Task:
Retype exactly the span of lines below from the one with "关于《冒险岛》角色名称。" through the one with "Celebrate the eternal". Do not include pictures.

Exercise material:
============================================================
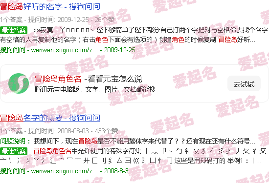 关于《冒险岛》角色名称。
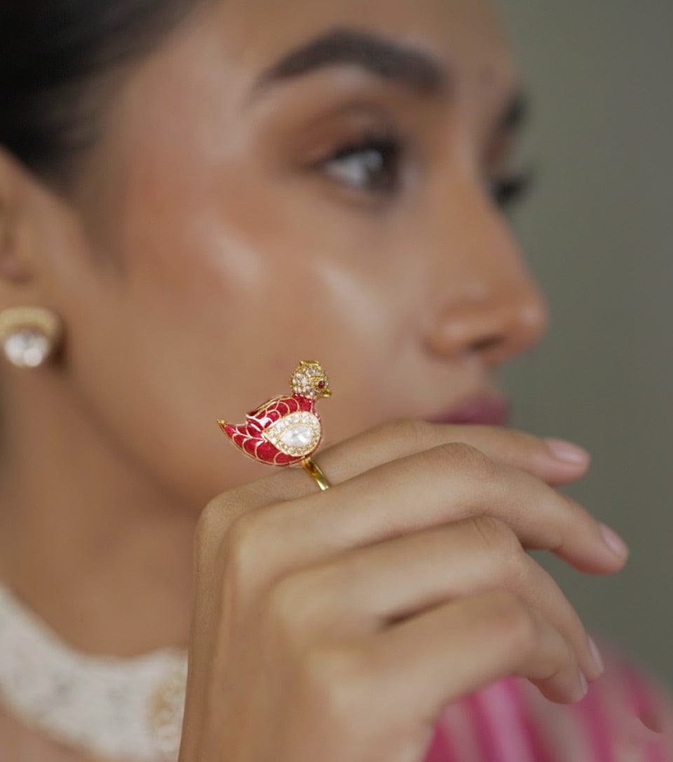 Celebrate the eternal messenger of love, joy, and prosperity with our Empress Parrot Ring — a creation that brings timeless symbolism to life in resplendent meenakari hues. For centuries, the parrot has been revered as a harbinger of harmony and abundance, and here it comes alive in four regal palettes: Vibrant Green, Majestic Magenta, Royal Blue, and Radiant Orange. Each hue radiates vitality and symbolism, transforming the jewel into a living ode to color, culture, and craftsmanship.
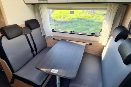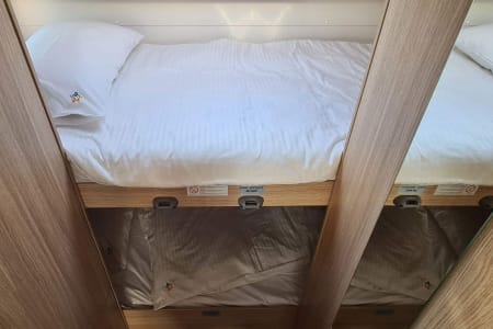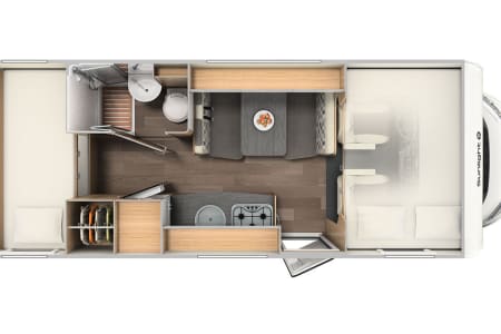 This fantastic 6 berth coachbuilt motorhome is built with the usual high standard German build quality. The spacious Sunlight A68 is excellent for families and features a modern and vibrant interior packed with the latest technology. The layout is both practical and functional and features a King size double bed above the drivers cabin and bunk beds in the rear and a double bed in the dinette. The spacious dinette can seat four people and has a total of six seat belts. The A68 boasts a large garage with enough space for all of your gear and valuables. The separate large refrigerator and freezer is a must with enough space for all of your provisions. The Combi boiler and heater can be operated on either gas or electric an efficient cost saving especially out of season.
============================================================
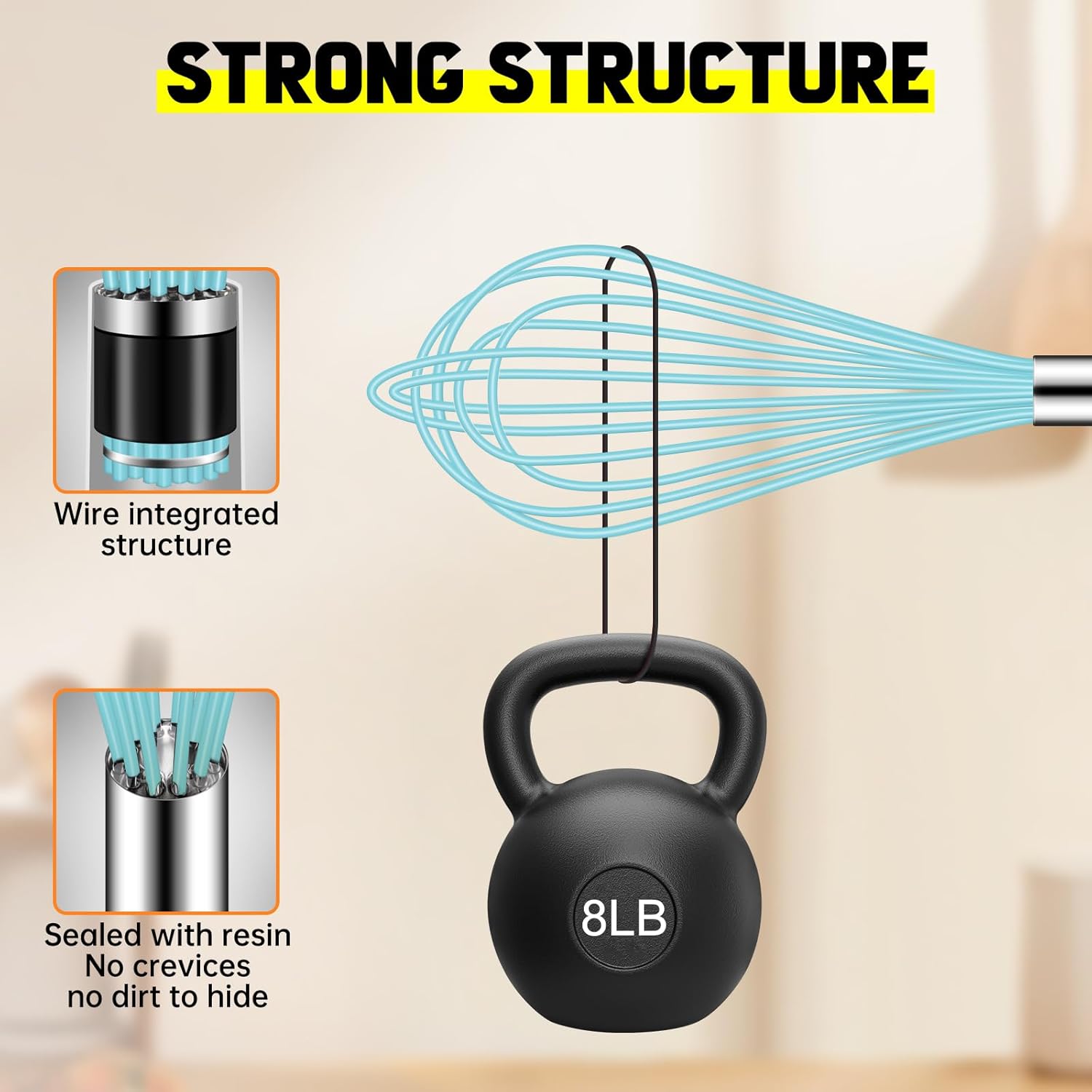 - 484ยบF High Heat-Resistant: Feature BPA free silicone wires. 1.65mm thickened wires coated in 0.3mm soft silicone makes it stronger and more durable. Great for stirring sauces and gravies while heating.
============================================================
Result of the task:
 关于《冒险岛》角色名称。
 Celebrate the eternal messenger of love, joy, and prosperity with our Empress Parrot Ring — a creation that brings timeless symbolism to life in resplendent meenakari hues. For centuries, the parrot has been revered as a harbinger of harmony and abundance, and here it comes alive in four regal palettes: Vibrant Green, Majestic Magenta, Royal Blue, and Radiant Orange. Each hue radiates vitality and symbolism, transforming the jewel into a living ode to color, culture, and craftsmanship.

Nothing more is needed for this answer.